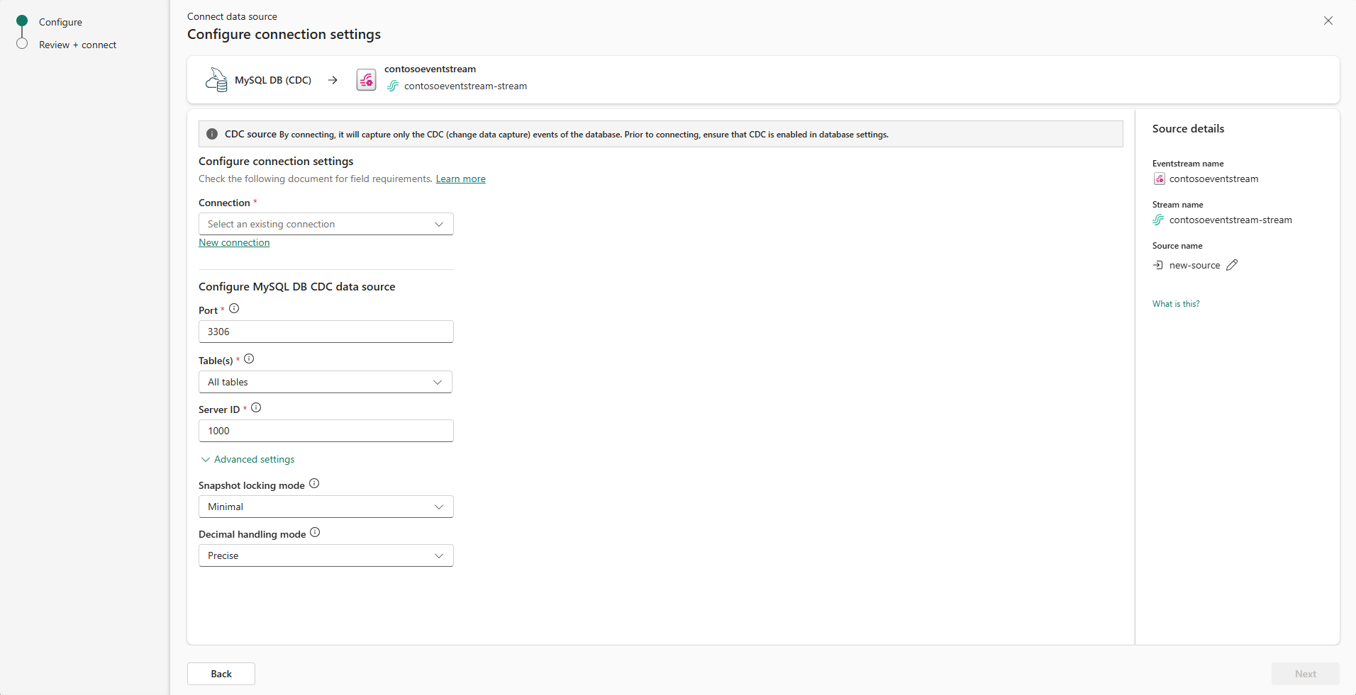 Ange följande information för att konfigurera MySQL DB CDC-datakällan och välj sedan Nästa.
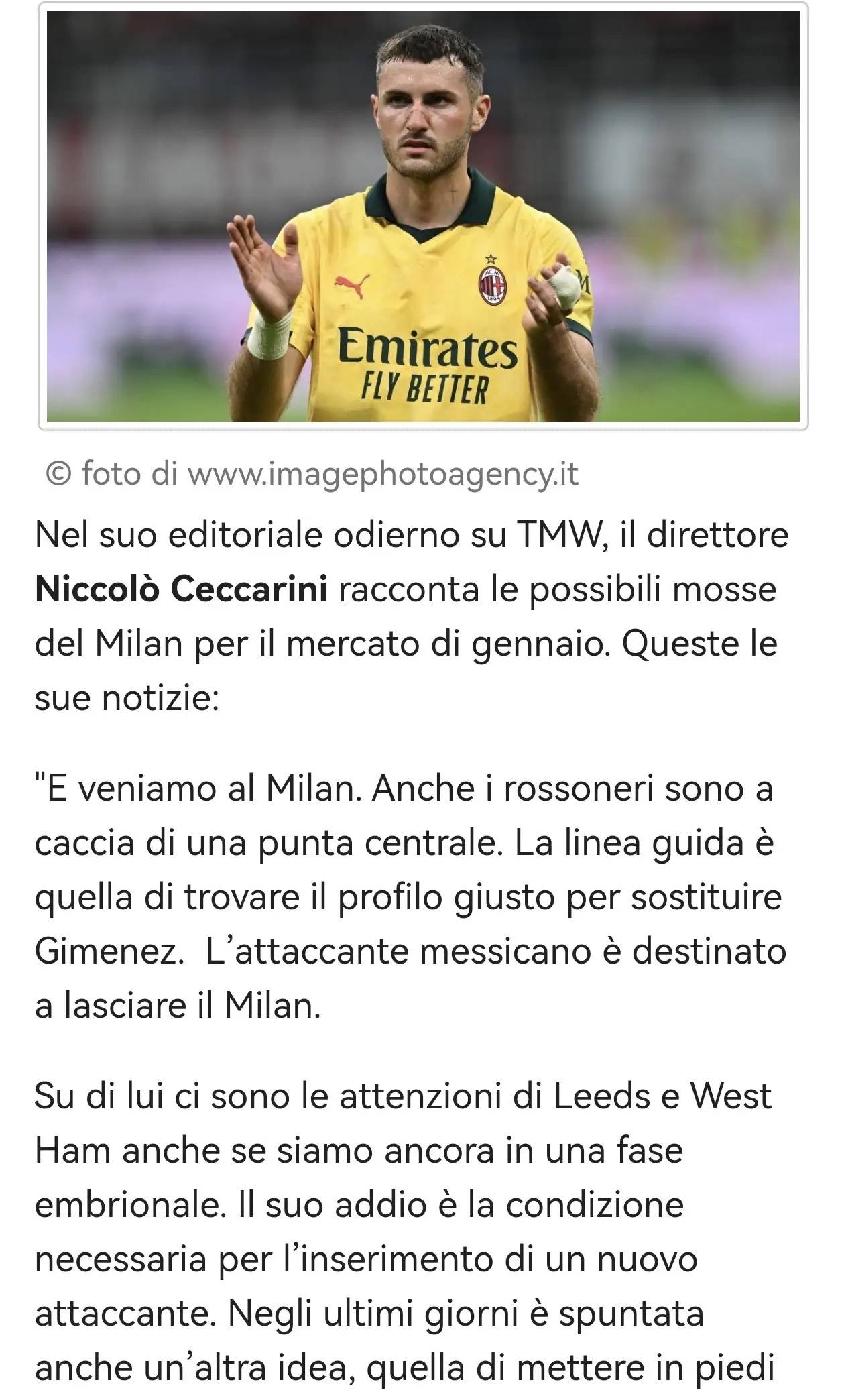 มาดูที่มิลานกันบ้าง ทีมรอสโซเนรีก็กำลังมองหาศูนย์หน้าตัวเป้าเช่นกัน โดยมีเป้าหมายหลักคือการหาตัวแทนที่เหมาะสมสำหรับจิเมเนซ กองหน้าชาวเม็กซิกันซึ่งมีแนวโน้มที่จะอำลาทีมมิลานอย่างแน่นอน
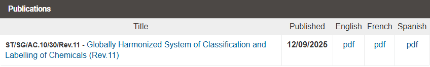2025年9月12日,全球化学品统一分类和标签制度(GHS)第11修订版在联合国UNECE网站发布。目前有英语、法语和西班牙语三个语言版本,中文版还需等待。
┄┄┄┄┄┄
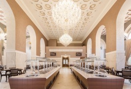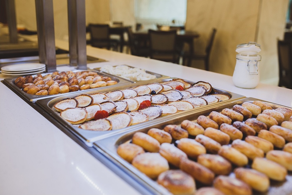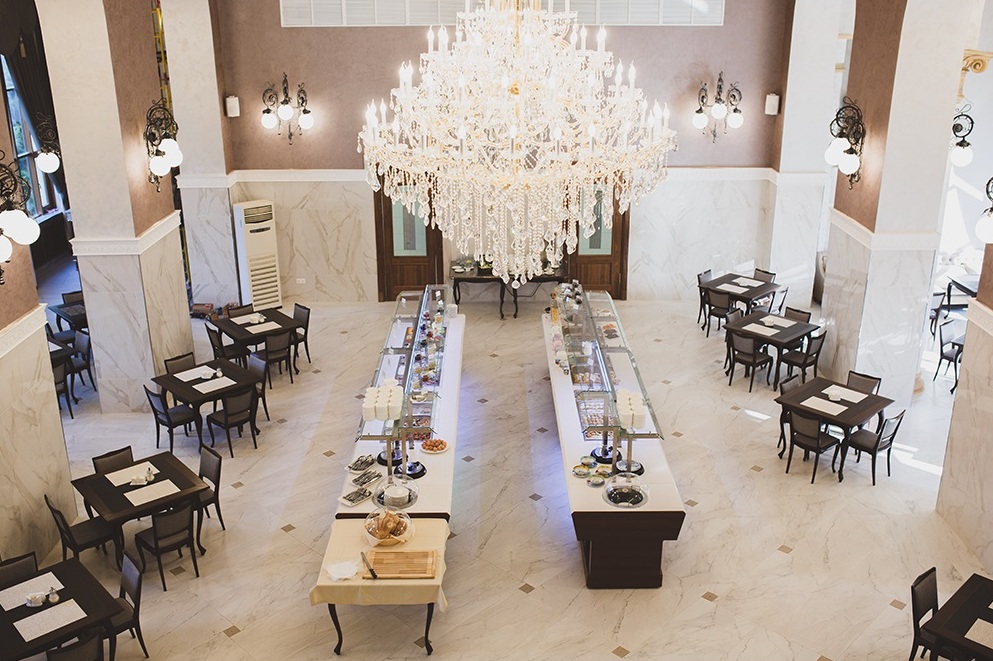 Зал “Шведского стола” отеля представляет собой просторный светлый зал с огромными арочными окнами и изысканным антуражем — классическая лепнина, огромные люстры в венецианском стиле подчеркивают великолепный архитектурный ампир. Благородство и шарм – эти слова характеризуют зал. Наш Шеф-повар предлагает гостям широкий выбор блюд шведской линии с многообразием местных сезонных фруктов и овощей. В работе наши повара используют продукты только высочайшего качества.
┄┄┄┄┄┄
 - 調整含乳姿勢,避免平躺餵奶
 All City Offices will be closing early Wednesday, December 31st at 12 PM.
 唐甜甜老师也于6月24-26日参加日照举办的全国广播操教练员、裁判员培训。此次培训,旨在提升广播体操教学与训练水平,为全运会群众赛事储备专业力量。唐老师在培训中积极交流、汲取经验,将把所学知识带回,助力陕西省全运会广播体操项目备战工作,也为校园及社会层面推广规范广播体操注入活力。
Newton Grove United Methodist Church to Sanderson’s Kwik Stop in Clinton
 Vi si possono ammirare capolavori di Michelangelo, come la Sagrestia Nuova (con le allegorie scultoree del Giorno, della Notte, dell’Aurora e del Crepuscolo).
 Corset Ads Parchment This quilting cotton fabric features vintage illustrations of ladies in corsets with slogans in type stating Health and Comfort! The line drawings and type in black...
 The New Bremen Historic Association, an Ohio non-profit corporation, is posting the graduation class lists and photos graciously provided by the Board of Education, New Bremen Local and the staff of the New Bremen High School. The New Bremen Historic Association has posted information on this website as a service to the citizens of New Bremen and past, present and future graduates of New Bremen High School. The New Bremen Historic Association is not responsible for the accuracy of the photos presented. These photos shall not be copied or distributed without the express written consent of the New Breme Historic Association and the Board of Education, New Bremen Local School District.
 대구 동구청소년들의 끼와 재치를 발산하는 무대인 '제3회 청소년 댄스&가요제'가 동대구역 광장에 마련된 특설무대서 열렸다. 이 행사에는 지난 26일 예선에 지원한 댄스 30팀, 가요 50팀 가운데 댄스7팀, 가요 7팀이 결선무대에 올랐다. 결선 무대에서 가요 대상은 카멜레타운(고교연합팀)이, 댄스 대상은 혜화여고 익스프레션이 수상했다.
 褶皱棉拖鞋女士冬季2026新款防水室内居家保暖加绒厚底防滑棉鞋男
┄┄┄┄┄┄
_About this exercise:_
Could you reproduce exactly the lines of the entries above, from the one with "- 調整含乳姿勢,避免平躺餵奶" through the one with "褶皱棉拖鞋女士冬季2026新款防水室内居家保暖加绒厚底防滑棉鞋男", and nothing else?

_The answer:_
 - 調整含乳姿勢,避免平躺餵奶
 All City Offices will be closing early Wednesday, December 31st at 12 PM.
 唐甜甜老师也于6月24-26日参加日照举办的全国广播操教练员、裁判员培训。此次培训,旨在提升广播体操教学与训练水平,为全运会群众赛事储备专业力量。唐老师在培训中积极交流、汲取经验,将把所学知识带回,助力陕西省全运会广播体操项目备战工作,也为校园及社会层面推广规范广播体操注入活力。
Newton Grove United Methodist Church to Sanderson’s Kwik Stop in Clinton
 Vi si possono ammirare capolavori di Michelangelo, come la Sagrestia Nuova (con le allegorie scultoree del Giorno, della Notte, dell’Aurora e del Crepuscolo).
 Corset Ads Parchment This quilting cotton fabric features vintage illustrations of ladies in corsets with slogans in type stating Health and Comfort! The line drawings and type in black...
 The New Bremen Historic Association, an Ohio non-profit corporation, is posting the graduation class lists and photos graciously provided by the Board of Education, New Bremen Local and the staff of the New Bremen High School. The New Bremen Historic Association has posted information on this website as a service to the citizens of New Bremen and past, present and future graduates of New Bremen High School. The New Bremen Historic Association is not responsible for the accuracy of the photos presented. These photos shall not be copied or distributed without the express written consent of the New Breme Historic Association and the Board of Education, New Bremen Local School District.
 대구 동구청소년들의 끼와 재치를 발산하는 무대인 '제3회 청소년 댄스&가요제'가 동대구역 광장에 마련된 특설무대서 열렸다. 이 행사에는 지난 26일 예선에 지원한 댄스 30팀, 가요 50팀 가운데 댄스7팀, 가요 7팀이 결선무대에 올랐다. 결선 무대에서 가요 대상은 카멜레타운(고교연합팀)이, 댄스 대상은 혜화여고 익스프레션이 수상했다.
 褶皱棉拖鞋女士冬季2026新款防水室内居家保暖加绒厚底防滑棉鞋男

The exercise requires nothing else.